SEM-mirror methods and application to insulator characterization

Abstract

The SEM mirror method (SEMM) is a nondestructive technique developed for insulators characterization. It provides measurements on the charge trapping ability under high electric field with a spatial resolution down to 1 /spl mu/m. SEMM consists of experimental measurements, ground current and minor plot, and a simulation part using Monte Carlo calculations. The mirror plot gives information on the trapped charge distribution at an equilibrium state. Many experimental results on different kind of materials, e.g. polymers, ceramics, single crystals, have shown that the mirror plot is useful to study insulators properties.

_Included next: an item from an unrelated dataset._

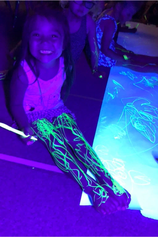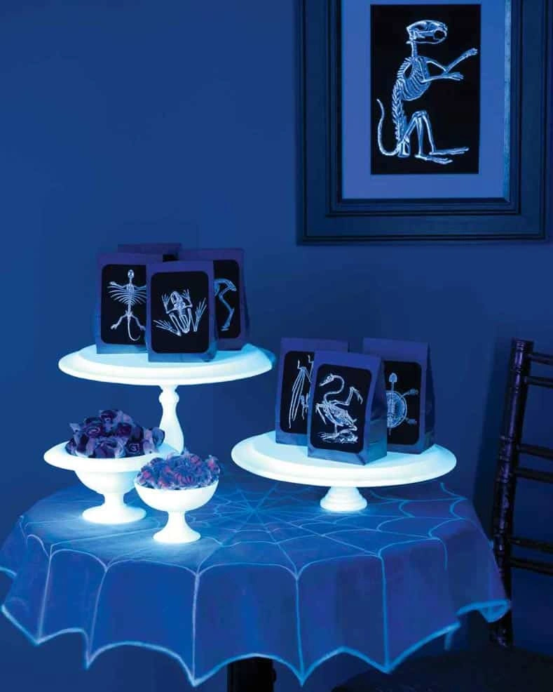 Use laundry detergent to paint/write on anything to make them glow. Highliters also work and many more.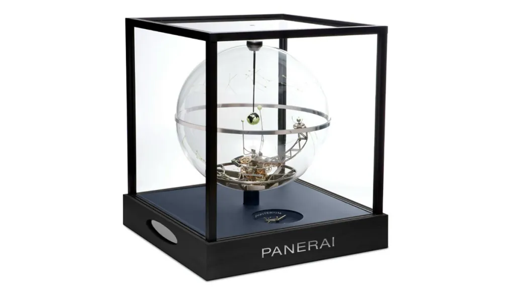 And now for something completely different: Meet the Jupiterium — a Panerai timepiece utterly devoid of military dive watch overtones! Housed in a 75 cm x 86 cm glass case and weighing some 110 kg (roughly 242 lbs.), this is no wrist-worn tool watch, but rather, a magnificent planetary installation inspired by the discoveries of 17th century Italian astronomer Galileo Galilei, whose observations negated the geocentric theory and ushered in the modern era of heliocentric thinking. Within its planetarium-like confines, the Earth occupies the center of a ring of planets around which the positions of the Sun, Moon, Jupiter, and the latter’s four satellites can be observed.

But, the charge distribution deduced from the experimental minor plot is not unique and more information about charge buildup is needed to reduce the set of solutions. More recently, the ground current measurement during the injection phase gave complementary results on the charge trapping rate. Under specific conditions, peaks of electron emission occur during injection which have been associated with a local flashover. This result clearly shows that SEMM is able to study insulators under high field stress close to the breakdown strength. To understand the mirror experiments, a more complete simulation of the injection phase is needed. This can be achieved through Monte Carlo simulation of the electron-matter interactions by taking into account charge trapping and detrapping processes under high field. Using these three complementary approaches, it is possible to get a better understanding of charge trapping and detrapping processes in insulators under high electric field with a fine spatial resolution.